Defence minister avoided military service
Defence minister Eimert van Middelkoop has come under fire from military unions and MPs for saying he was ‘very pleased’ that he had been able to avoid military service in the 1970s.
In an article in magazine Vrij Nederland, Van Middelkoop is reported as saying that after the two-day military check-up, ‘I realised this was not for me. It would make me extremely unhappy’.
The minister, from the orthodox Christian party ChristenUnie, was able to delay his compulsory stint in the armed forces because ‘he could not be missed’ as parliamentary worker for the CU’s predecessor, the GPV. People over the age of 30 were exempt from military service, which was abolished in the Netherlands in 1996.
A spokesman for the minister told the Volkskrant that Van Middelkoop did not deliberately try to avoid military service but was simply happy that he could do his ‘dream job’ with the GPV.
The opposition right-wing Liberal party VVD has written to prime minister Jan Peter Balkenende urging him to explain how Van Middelkoop can function as defence minister.
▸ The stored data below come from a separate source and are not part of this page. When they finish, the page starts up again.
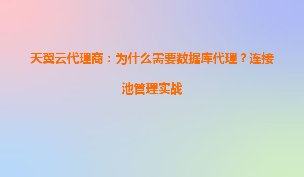 2025-05-17天翼云代理商:为什么需要数据库代理?连接池管理实战 一、引言:数据库代理的核心价值 在云计算时代,数据库作为业务系统的核心组件,其性能和稳定性直接影响用户体验。传统数据库架构面临连接数激增、资...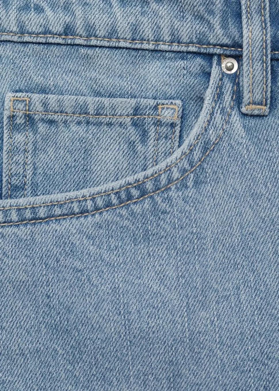 Bomuldsstof i denimstil, kort Design, lige Design, høj talje, bæltestropper, fem lommer, lynlås foran og knaplukning.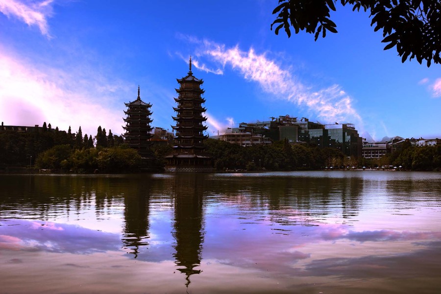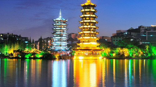 游览桂林地标性建筑【日月双塔】(登塔,游览约60分钟)坐落在衫湖中心,是桂林市中心杉湖中的两座宝塔,日塔为铜塔,月塔为琉璃塔,两塔之间以湖底一条10多米长的湖底隧道相连。每到夜晚,远看两座塔在灯光映衬下分别散发着金银两色光芒,倒影在湖中的景象格外漂亮。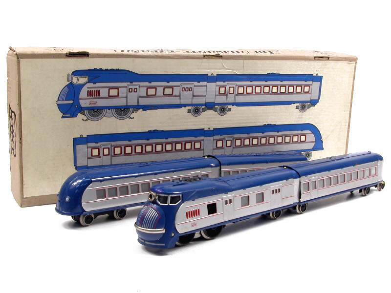 longueur 108 cm - écartement O - fabrication contemporaine - moteur électrique non testé - traces d'oxydation sur 2 éléments avec retouches & une partie repeinte - traces de métal fatigue sur 5 roues - manque 4 ressorts de soufflets

Socialist Party MPs said the comments were ‘extremely bad’ at a time when the armed forces have an acute personnel shortage.
‘This proves that the wrong man is in the wrong place at the wrong time,’ Wim van den Burg, chairman of the AFMP military union said in the Telegraaf.
But the CU’s main coalition partners said there was no reason to question Van Middelkoop’s ability to do the job.